### INPUT DATA
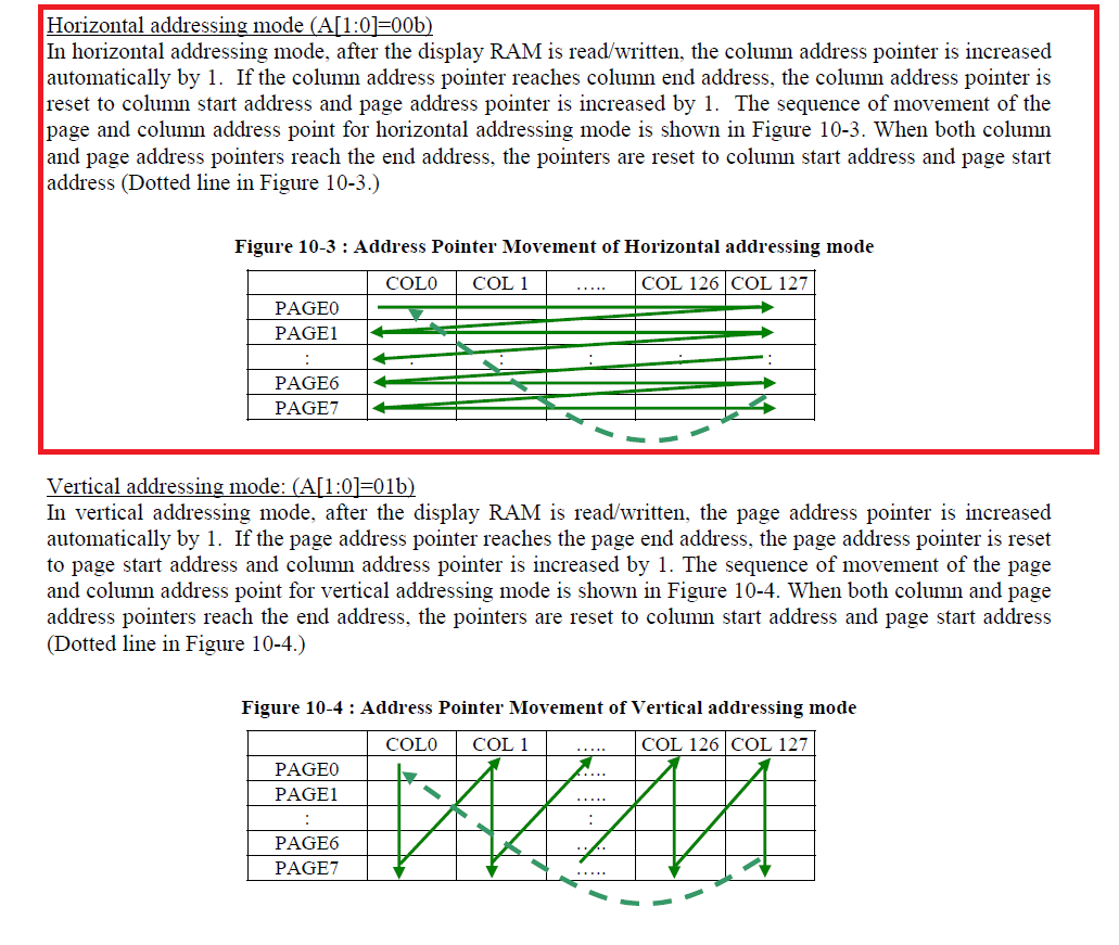 Falk B. schrieb: > Nein, für [64][16]. Ich hab übersehen, daß du 7x12 Zeichen hast. Mein > Beispiel ist für 8x8 Zeichen. Aber das Prinzip bleibt gleich. Ich verwende sowieso unterschiedlich grosse und breite fonts. Dehslab würde ich dort einfach die jeweilige breite auslesen und verwenden. Das mit den [64][16] verwirrt mich jetzt ungemein. mir ist bewusst, dass es schlussendlich auch "nur" 1024bytes sind. Und man damit einfach anderst auf die Daten zugreifen kann. Jedoch erwartet das Display von mir die Bytes momentan wie im Bild im Anhang dargestellt. (rot markierter Bereich) Zuerst also 128Bytes für die erste Page. Dann die nächsten für die zweite usw... Ich sende mommentan mit dem DMA alle 1024Bytes in einem rutsch. Deshalb bin ich nach meine Verständnis an die Pages gebunden oder nicht? Wäre ich eventuell besser dran, wenn ich das DIsplay auf den Vertical Mode umstellen würde? Danke
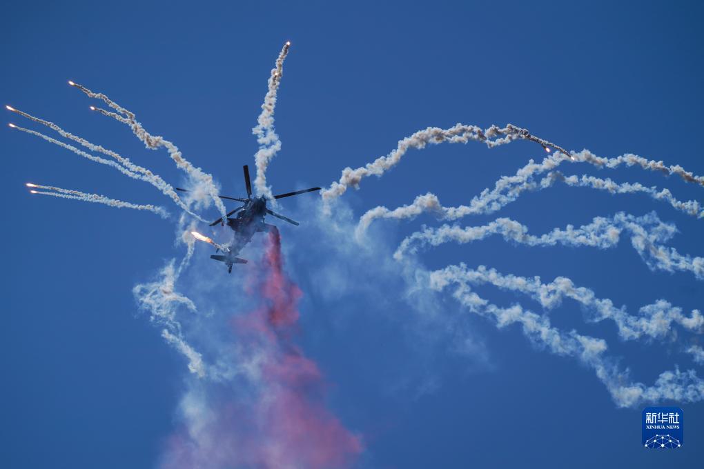 9月14日,在第六屆中國天津國際直升機博覽會(huì )開(kāi)幕式上,陸軍“風(fēng)雷”飛行表演隊直-10武裝直升機發(fā)射干擾彈。
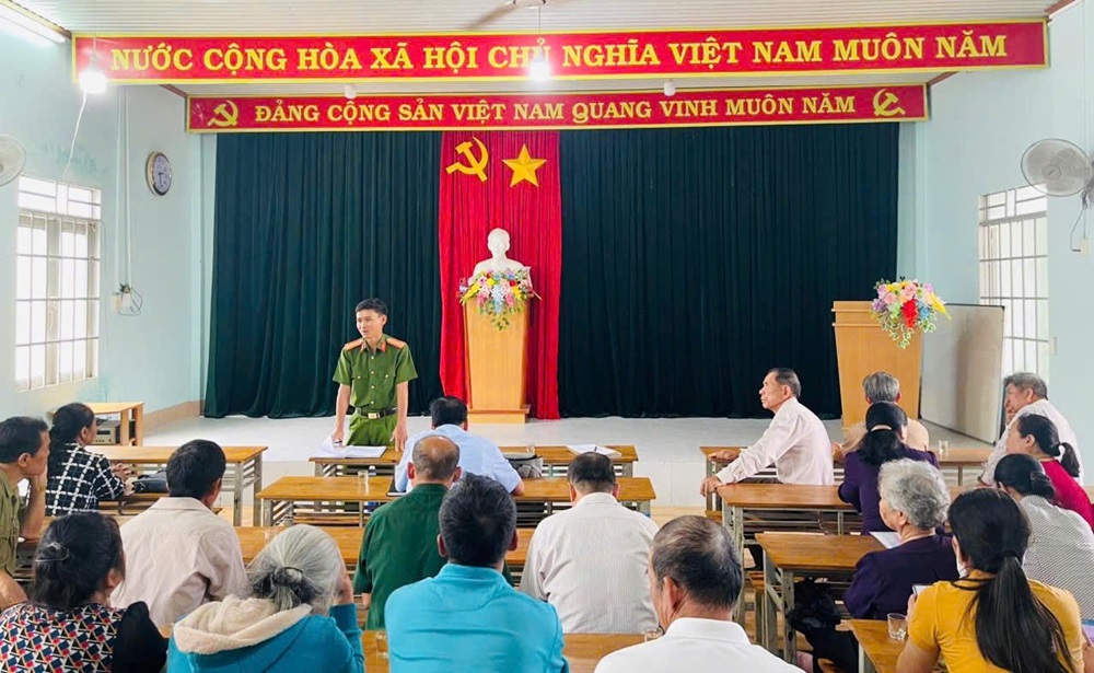 Công an Phường 2 Bảo Lộc tuyên truyền cho cán bộ thôn, tổ dân phố và lực lượng tham gia bảo vệ ANTT ở cơ sở nắm quy định về tội "Sử dụng trái phép chất ma tuý"

### PROBLEM TO SOLVE
Please write the material out again exactly as shown above, minus any pictures.

### WRITTEN RESPONSE
 Falk B. schrieb: > Nein, für [64][16]. Ich hab übersehen, daß du 7x12 Zeichen hast. Mein > Beispiel ist für 8x8 Zeichen. Aber das Prinzip bleibt gleich. Ich verwende sowieso unterschiedlich grosse und breite fonts. Dehslab würde ich dort einfach die jeweilige breite auslesen und verwenden. Das mit den [64][16] verwirrt mich jetzt ungemein. mir ist bewusst, dass es schlussendlich auch "nur" 1024bytes sind. Und man damit einfach anderst auf die Daten zugreifen kann. Jedoch erwartet das Display von mir die Bytes momentan wie im Bild im Anhang dargestellt. (rot markierter Bereich) Zuerst also 128Bytes für die erste Page. Dann die nächsten für die zweite usw... Ich sende mommentan mit dem DMA alle 1024Bytes in einem rutsch. Deshalb bin ich nach meine Verständnis an die Pages gebunden oder nicht? Wäre ich eventuell besser dran, wenn ich das DIsplay auf den Vertical Mode umstellen würde? Danke
 9月14日,在第六屆中國天津國際直升機博覽會(huì )開(kāi)幕式上,陸軍“風(fēng)雷”飛行表演隊直-10武裝直升機發(fā)射干擾彈。
 Công an Phường 2 Bảo Lộc tuyên truyền cho cán bộ thôn, tổ dân phố và lực lượng tham gia bảo vệ ANTT ở cơ sở nắm quy định về tội "Sử dụng trái phép chất ma tuý"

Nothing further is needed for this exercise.